Das Gesetz richtet sich gegen sämtliche Nichtregierungsorganisationen, die vom Ausland aus finanziert und in Russland politisch aktiv sind. Sie sollen dazu verpflichtet werden, sich speziell registrieren zu lassen. Zudem droht ihnen eine strenge Kontrolle ihrer Finanzen. In erster Lesung war das Gesetz vor einer Woche von der Duma verabschiedet worden. Die zweite Lesung fand am Freitag unmittelbar vor der abschließenden dritten statt.

Nach offizieller Darstellung dient das Gesetz dazu, ausländische Staaten daran zu hindern, auf die Innenpolitik Russlands Einfluss zu nehmen. Beobachtern zufolge zielt das Gesetz etwa auf die Wahlbeobachterorganisation Golos, die Unregelmäßigkeiten bei den jüngsten Wahlen in Russland angeprangert hatte, und auf die Anti-Korruptions-Organisation Transparency International.
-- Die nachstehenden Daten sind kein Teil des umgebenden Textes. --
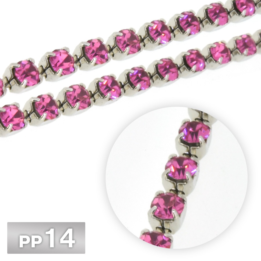 ラインストーン チェーン PP14 10cm/1m ライトローズ Rhカラー ロジウム 連爪 デコ ネイル 手芸 パーツ ビジュー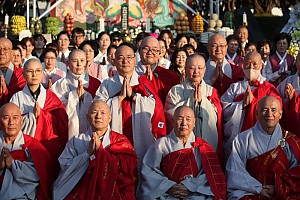 봉원사 대중 스님들이 삼천불전 앞에 마련된 특설무대에서 인등기도법회를 집전하고 있다.한국불교태고종 서울 신촌 봉원사(주지 현성…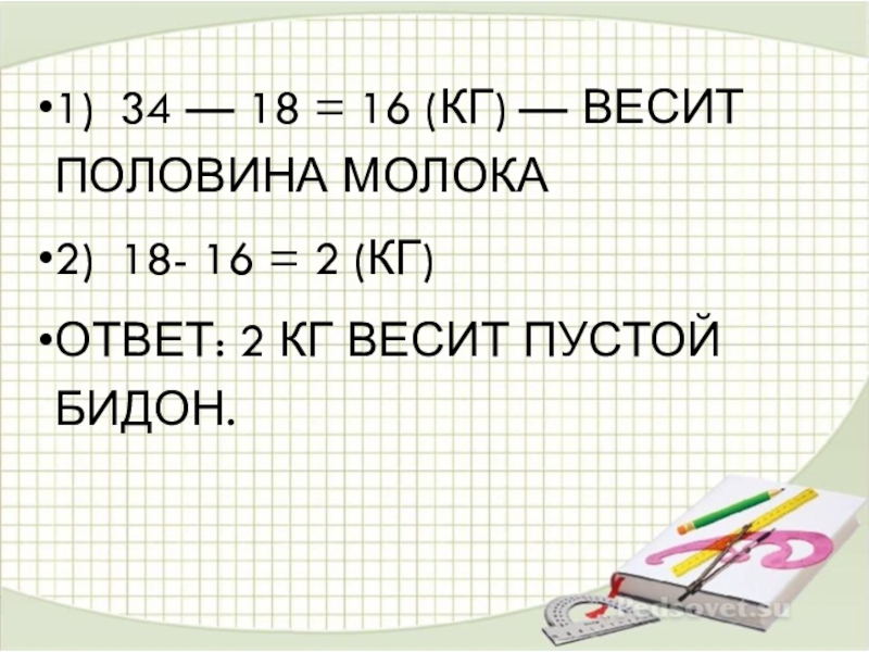 Слайд 31) 34 — 18 = 16 (кг) — весит половина молока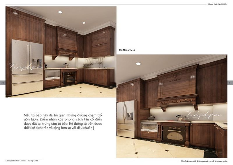 Hệ thống tủ bếp gỗ óc chó cao cấp với thiết kế tân cổ điển, có tủ bếp trên kịch trần và các ngăn để được thiết kế rộng hơn để tránh sự rườm rà không cần thiết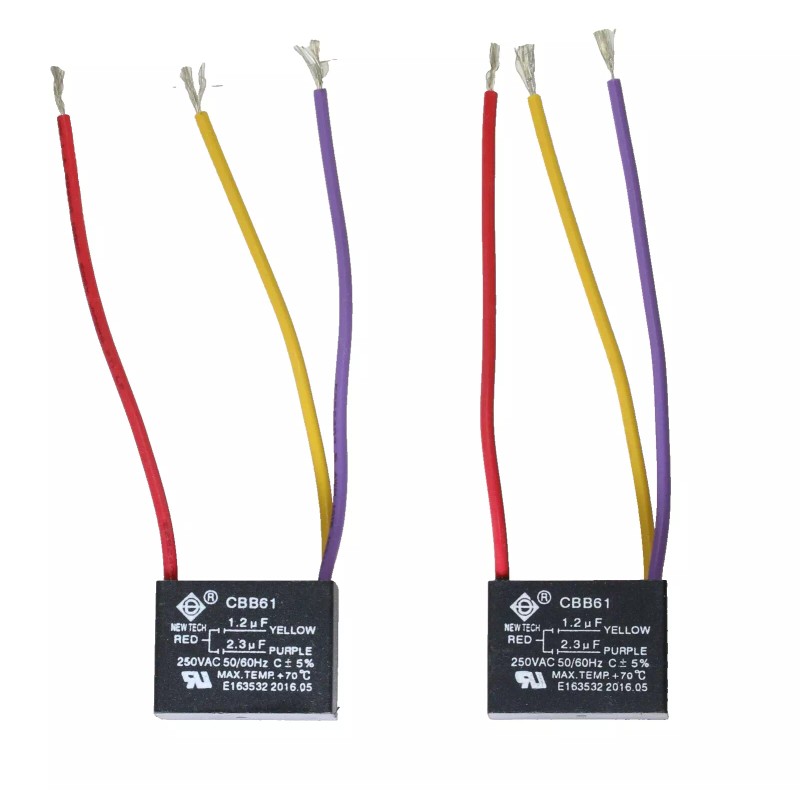 NewTech CEILING FAN CAPACITOR CBB61 1.2uf+2.3uf 3WIRE QTY 2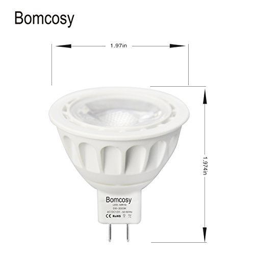 Bomcosy 5W MR16 GU5.3 LED Bulbs, 12V LED Light Bulb, 50W Halogen Spotlight Equivalent, Warm White 3000K LED Spot Light Bulbs, 425Lumens, 35 Degree Beam Angle, Non-Dimmable, Pack of 6 Units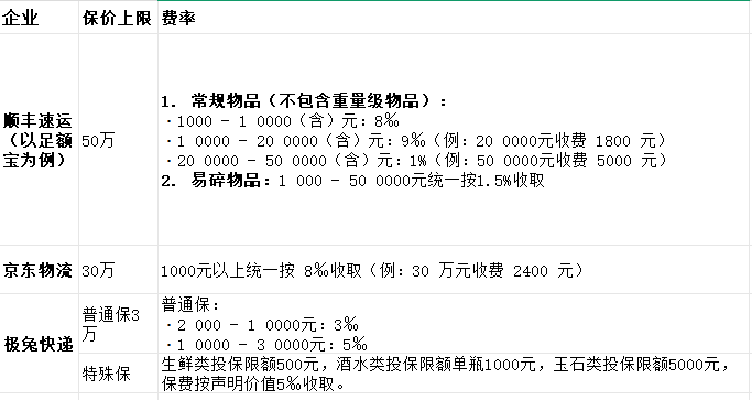 此外,服務範圍存在明顯的“天花板”。順豐、京東保價上限分別為50萬、30萬,極兔則更低,對於珠寶、藝術品、高端電子設備等價值更高的物品來説,快遞行業普遍缺乏標準化的保價方案,企業之間保價服務差異明顯。為了安全,或許可以通過購買單獨保險,但流程繁瑣,成本增加。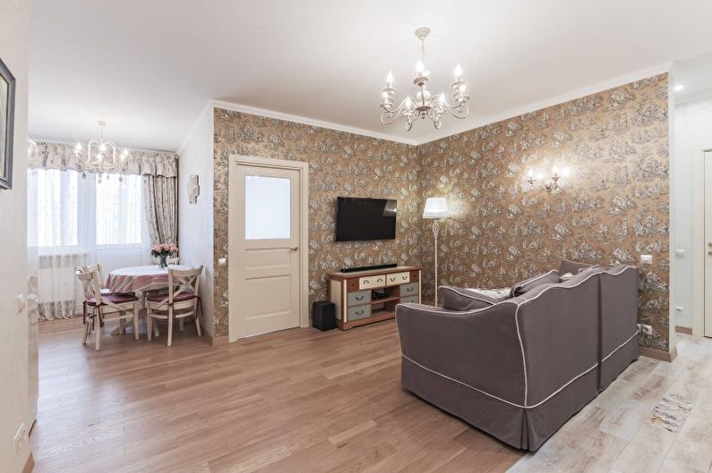 Lorsque vous choisissez une option de décoration murale, vous devez procéder à partir de la conception globale. Une option idéale serait un papier peint avec un motif discret (rayures, cage), de la brique ou du plâtre décoratif.

Betroffen sein dürften aber auch Umweltorganisationen sowie Aktivisten, die sich für Menschen- und Freiheitsrechte stark machen.

Bürgerrechtler vermuten, der frühere Geheimdienstchef Putin wolle kritische Gruppen ausschalten und die Opposition mundtot machen. Kremlgegner sprachen von einem „Schwarzen Freitag“ in der Staatsduma in Moskau. Vor dem Parlamentsgebäude demonstrierten Regierungskritiker und Journalisten.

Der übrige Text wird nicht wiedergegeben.